= THE PROBLEM =
Once "grande discrétion, le" turns up in a line below, reproduce that line and those after it exactly, stopping after the line with "घर सजाने की सामग्री की दुकानों पर भी हुई"; leave pictures out.

-------- AVAILABLE DATA

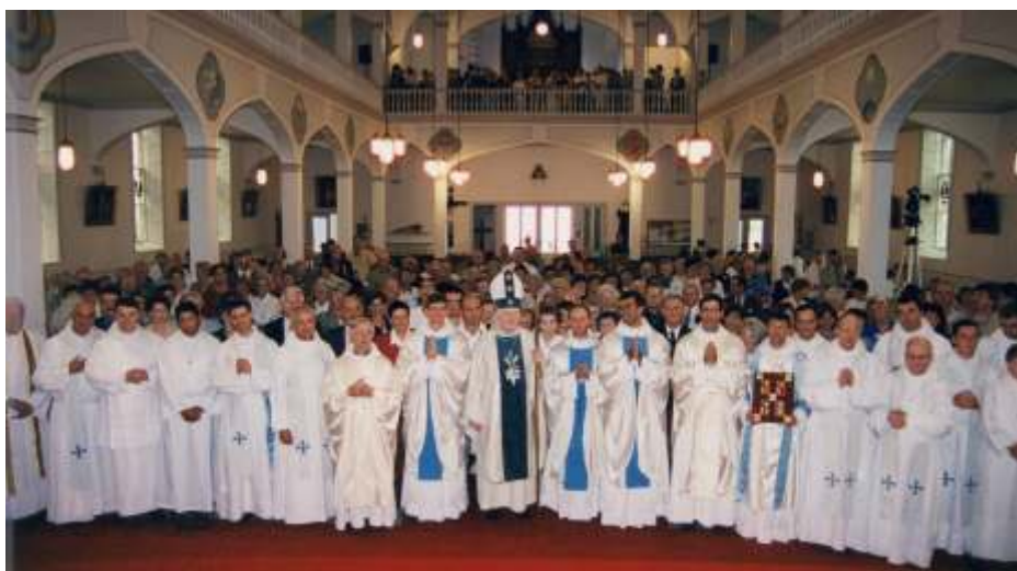
14 août 1999 - Église Notre-Dame-de-l'Assomption, Arichat, N.-É. Photo de groupe à l'issue de l'ordination sacerdotale de quatre Fils de Marie - trois prêtres et un diacre - conférée par S. Exc. Mgr Colin Campbell.

grande discrétion, le silence et le calme, là où l'ivraie des calomnies n'est pas semée..., et l'ordination a lieu le 14 août 1999.
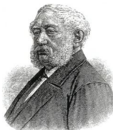
Dr. W.H. Schüssler (1821-1898)

Onder de lage D-potenties bestaat een speciale groep middelen: de Schüssler celzouten. Mogelijk heeft u daar wel eens van gehoord, maar wat zijn deze celzouten?
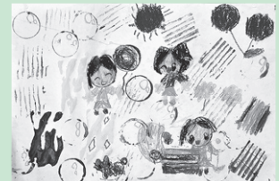
「しゃぼんだまいっぱい」
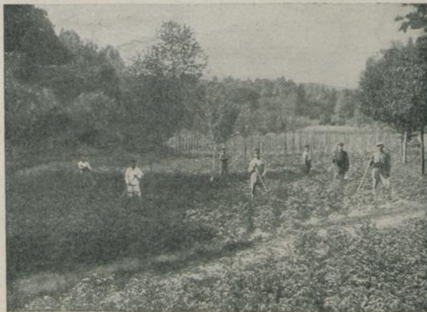
Bad Schinznach — Internierte bei der Gartenarbeit.

der das ringsum brandende Völkerringen die Schweiz nötigt, den empfindlichsten Mangel an Ar- beitskräften ge- zeitigt. Daneben aber verlangten die gesteigerten Anforderungen, die der Krieg an das wirtschaft- liche Leben auch der Schweiz stellt, dringend nach neuen Hilfs-
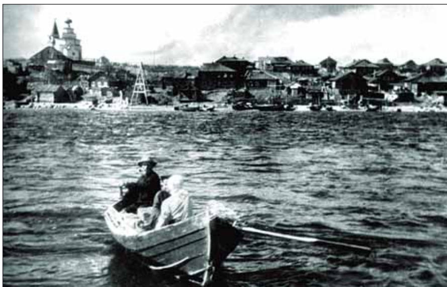
Устье реки Нивы. Вид на правобережную часть города

«Партер»; их собирали на месте российские и американские специалисты.
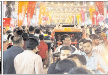
घर सजाने की सामग्री की दुकानों पर भी हुई खरीदारी

इसके साथ ही दीपावली पर बाजार में घर सजाने की सामग्री की दुकानों पर भी लोगों की भीड़ देखी गई। यह घर सजाने की आवश्यक सामग्री के साथ-साथ लोग बाजार में अन्य खरीदी की लेकर दुकानों पर देखे गए। मिष्ठान की दुकानों पर लोगों का हजेरा आज दीपावली त्योहार को लेकर उमड़ता और इसके साथ ही उपहार खरीदारी भी लोगों तकिक कई लोग दीपावली पर एक-दूसरे को तोहफे के रूप में उपहारों का भी आदान-प्रदान कर सके।
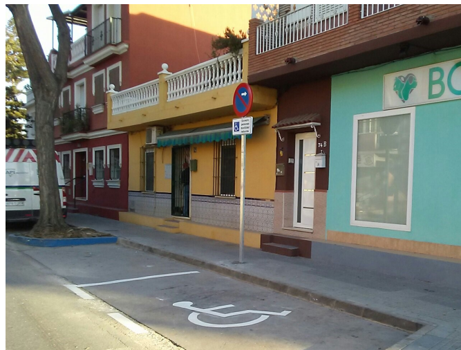
José Calderón: Nueva reserva para personas con movilidad reducida
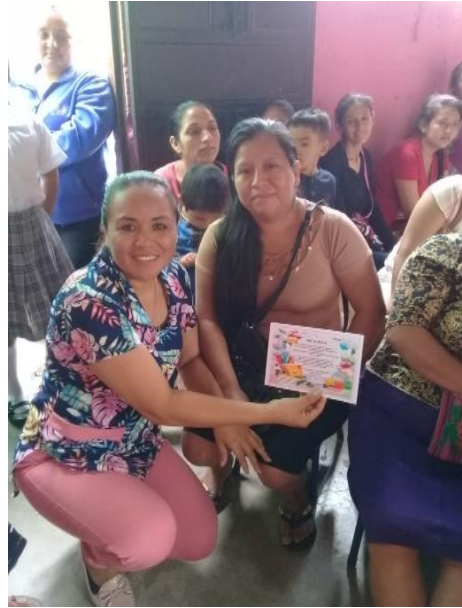
Fotografía No. 4 Entrega de invitación a padres

de mejoramiento educativo, dándoles a conocer de la importancia que es enviar a sus hijos a la escuela diariamente, presentándoles las estrategias que se desarrollaran en el transcurso de la ejecución las cuales motivaran a los estudiantes, docentes y padres de familia.
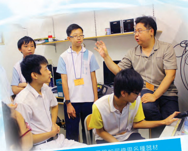
導師正指導同學如何使用各種器材

訓練完畢後，學員將會學以致用，為學校日常舉辦的活動作拍攝，亦會因應主題定期製作節目，為同學提供額外的資訊，增廣見聞。
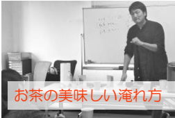
お茶の美味しい淹れ方
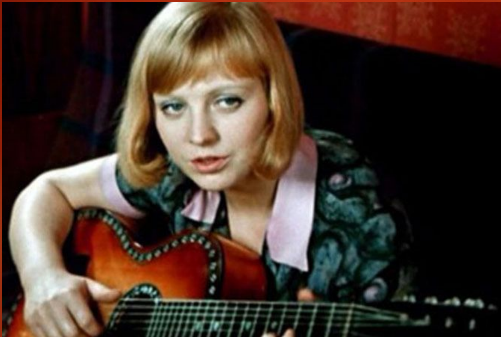
Светлана Крючкова- актриса
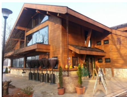
Slika 4. Objekat građen sa drvenim elementima zidova i krovova koji već svojim spoljašnjim izgledom pleni svojom lepotom i toplotom – Sunset caffe Beograd

Drvo je materijal koji ima dobre termoizolacione karakteristike, što je danas vrlo bitno, zbog trenda podizanja energetske efikasnosti kod građevinskih objekata. Mehaničke karakteristike drveta su na zavidnom nivou u odnosu na druge materijale i one zavise od stanja vlažnosti samog drveta. Nedostaci drveta kao građevinskog materijala su relativno visoka cena i stalna potreba za zaštitom drveta od insekata i fungi (gljiva). Najveći nedostatak drveta je slaba protivpožarna otpornost. Primena drveta kod građenja stambenih objekata nikada nije prestajala i pored navedenih nedostataka, drvo je jedan od materijala za koje je čovek najviše vezan.
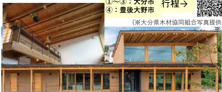
④FUJII BREWERY(2022)-店舗・製材品9mの合わせ梁・講師：日本文理大学 工学部 建築学科 教授 三浦 逸朗 氏・建築視察・講話：非住宅建築物における木造化の可能性

----------------

= REPLY =
grande discrétion, le silence et le calme, là où l'ivraie des calomnies n'est pas semée..., et l'ordination a lieu le 14 août 1999.
Dr. W.H. Schüssler (1821-1898)

Onder de lage D-potenties bestaat een speciale groep middelen: de Schüssler celzouten. Mogelijk heeft u daar wel eens van gehoord, maar wat zijn deze celzouten?
「しゃぼんだまいっぱい」
Bad Schinznach — Internierte bei der Gartenarbeit.

der das ringsum brandende Völkerringen die Schweiz nötigt, den empfindlichsten Mangel an Ar- beitskräften ge- zeitigt. Daneben aber verlangten die gesteigerten Anforderungen, die der Krieg an das wirtschaft- liche Leben auch der Schweiz stellt, dringend nach neuen Hilfs-
Устье реки Нивы. Вид на правобережную часть города

«Партер»; их собирали на месте российские и американские специалисты.
घर सजाने की सामग्री की दुकानों पर भी हुई खरीदारी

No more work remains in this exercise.